2

So, I know that the last element of a string, aka char array is NULL which has the value of 0. If we define a string containing a word of 5 letters, say Stack, we would do it by doing as the following.

char word[5] = "Stack";

And if I wanted to access the first letter of the array, S, I would look for the index 0 by this: word[0], similarly for the last letter, k, I would do the index 4 by using word[4]. But something here doesn't really sit into my mind: we used the number 5 when declaring our array initially.

So my first question is, does the 5 in the declaration mean the program will use the indexes 0 to 5, saying that the index 5 will include the null character.

Now let's say that I want to define an int array which contains whatever, but for the sake of the question it shall include the odd numbers. I do that by typing this:

int odds[5] = {1, 3, 5, 7, 9};

The same goes here, does the 5 mean we will use indexes 0 through 5 and index 5 will take the NULL value?
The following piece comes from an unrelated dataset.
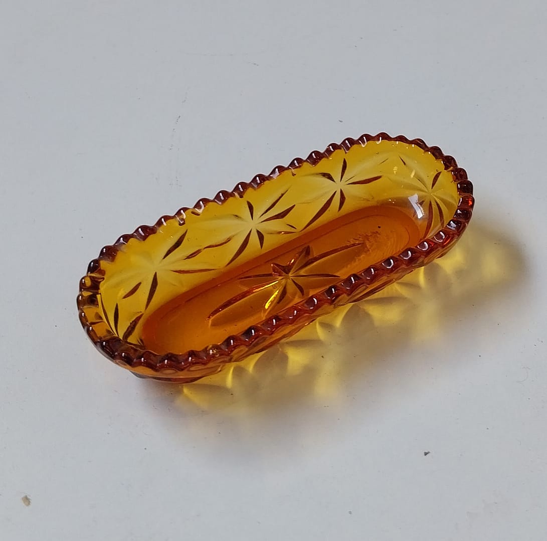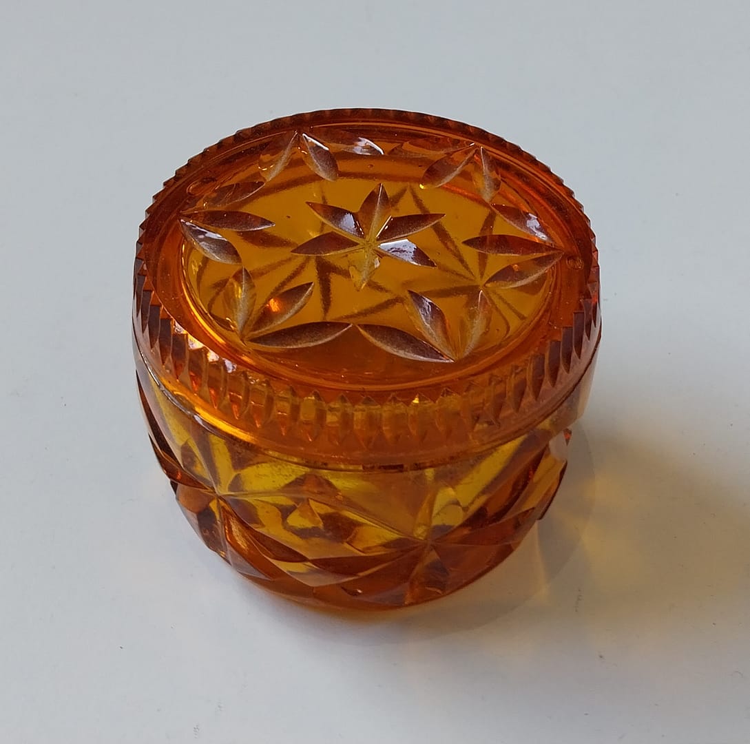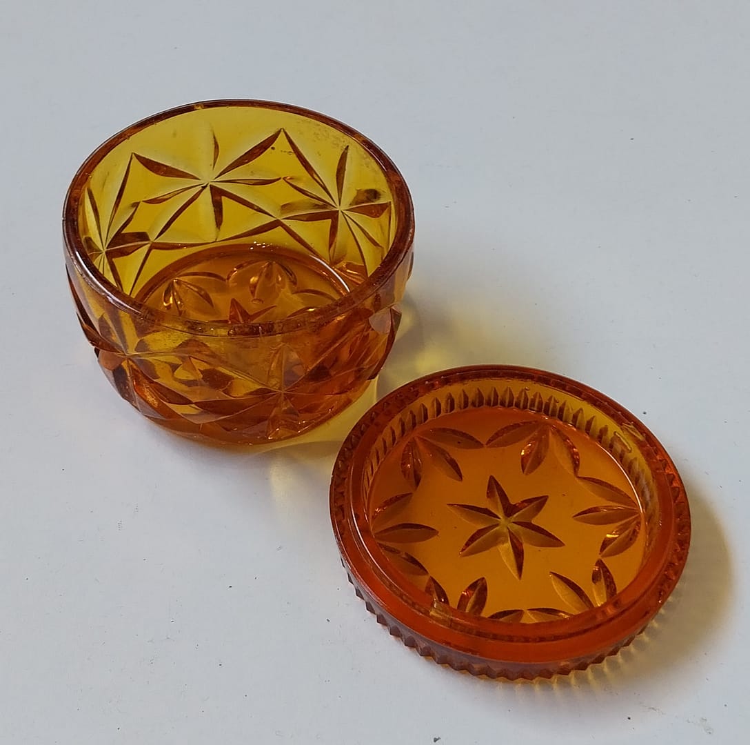 Antiek Bohemia Art Deco kaptafelset ook wel boudoir-set genoemd van amberkleurig glas, daterend uit de jaren 1920-1930. Deze sets werden oorspronkelijk in Tsjecho-Slowakije vervaardigd en is gekenmerkt door een stervormig of geslepen diamantpatroon.

Also, as my second question, does int arrays also end by the NULL character (yes, it's a silly question since it's an int array but at least, does the fifth index include the value 0) As my third question, to make it more general, is there a general rule which says all arrays will end with the value 0?

For the first question, I looked at the net and some references and couldn't really find any answer that clicked.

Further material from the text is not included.